2. “The world is turned into what we expect” – so habe ich es im Vortrag formuliert. Wenn wir glauben ( – und das sage ich als ausgebildeter Wissenschaftler!), es müsse auch dauerhafte Indianer geben, dann suche ich nach Indianern und werde über den Weg meiner Erwartungshaltung die Indianer auch weiterhin als Indianer sehen und so behandeln. Ganz banal: Ich stelle Indianer und Häuptlinge ein. Ich habe Indianer auf der Pay-Roll und Häuptlinge. Schön sauber getrennt. Garantiert so, wie das echte Leben nicht funktioniert. Unsere Erwartungshaltung verändert erwiesenermaßen über den “Rosenthal-Effekt” die tatsächliche Performance des Beobachteten. (Darüber habe ich ausführlich in meinem aktuellen Buch „Feel it“ Soviel Intuition verträgt Ihr Unternehmen“ berichtet.)
Sprich: Wer die Sekretärin als Indianersquaw sieht, der macht sie automatisch auch dazu. Ebenso bewusst wie unbewusst. Dann hat es diese Squaw schwer, ein tolles Produkt zu erfinden, oder bei der Entwicklungs- oder Kommerzialisierungsphase einen hervorragenden Beitrag zum Mehrwert beizusteuern. Wo aber bitte schön steht einem Naturgesetz gleich, dass eine Sekretärin keinen wertvollen Beitrag jenseits ihrer Sekretärinnenfunktion leisten kann? Das soll mir mal jemand „beweisen“. Mit Verlaub, liebe Indianerfreunde: Das ist Schwachsinn. Und bitte: Nehmt’s wörtlich: Schwacher Sinn.

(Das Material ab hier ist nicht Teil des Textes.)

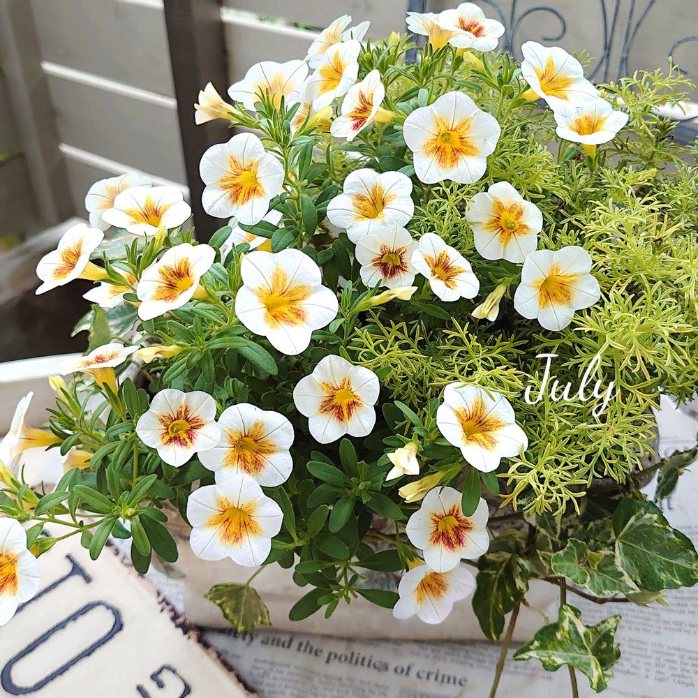 4月に作ったカリブラコアカプチーノの寄せ植えの現在の様子📷️☘️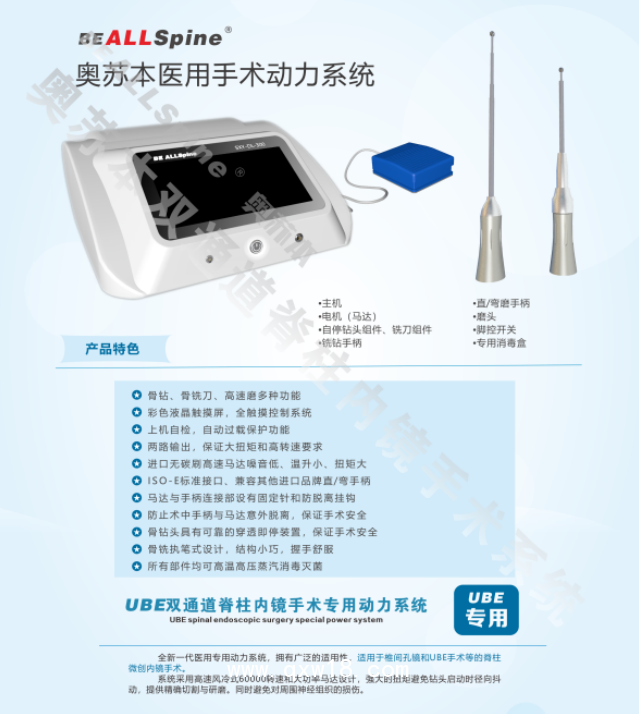 3 、UBE專用動力系統(tǒng),我們的醫(yī)用動力系統(tǒng)標(biāo)配用于(開放手術(shù),UBE手術(shù),還可以選配用于椎間孔鏡手術(shù))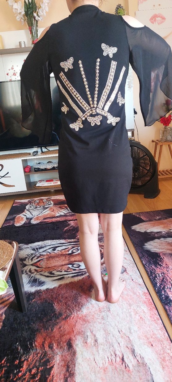 Nakışlı detaylara ve tokalı tasarıma sahip, siyah ve vücuda oturan elbise . İpek gibi kumaştan üretilmiş, romantik buluşmalar için goth ve bohem tarzında.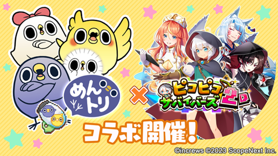 近年人気上昇中のハイブリッドカジュアルゲーム「ピコピコサバイバーズ2D」と、「めんトリ」が4月26日(金)~5月31日(金)までコラボを行います。
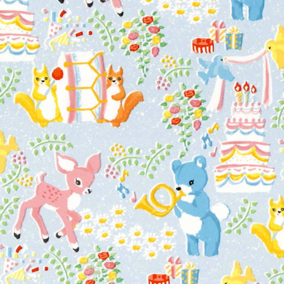 紙モノ作家『ant!ant!!ant!!!』のオリジナルイラストを使った、動物たちのパーティーの包装紙。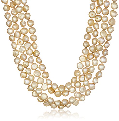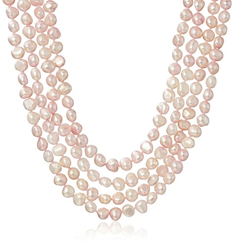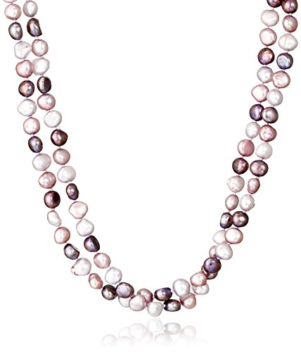 Give your feminine and classic style a colorful twist with the Freshwater Purple Baroque Pearl Endless Necklace (6-7mm), 100". Freshwater-cultured pearls showcase their high-luster and unique baroque shape along a simple chain. The single knots that are placed between each pearl protect the pearls surface, or nacre, and allowing the beautiful purple color to remain wear after wear. The long 100" length creates a very versatile strand. Wear it as one long length to create an edgy look or try layering the strand to showcase your girly and glamorous style with a variety of necklines.Feature
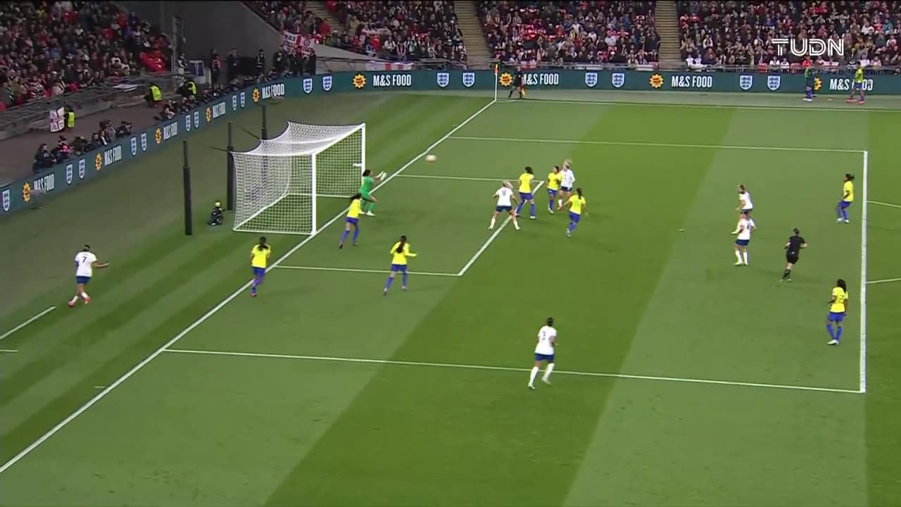 ¡A las manos! Remate de cabeza Hemp y Leticia abraza el balón

Summa Summarum: Die GSW ist kein basisdemokratischer Träumerverein. Wir wollen Führung. Wir wollen Hierarchie. Und wir wollen und brauchen dringend Menschen, die so erwachsen und reif sind, dass sie beide Seiten leben können und wollen: Führen und geführt werden. Menschen die einsehen, wann Ihre Führung Sinn macht und wann es nötig ist, dass sie sich unterordnen und geführt werden. Aber all dies niemals nur aufgrund einer einmal getroffenen formal-juristischen Entscheidung. Sondern aufgrund von immer wieder – täglich! – aufs neue zu beweisender Kompetenz und Akzeptanz.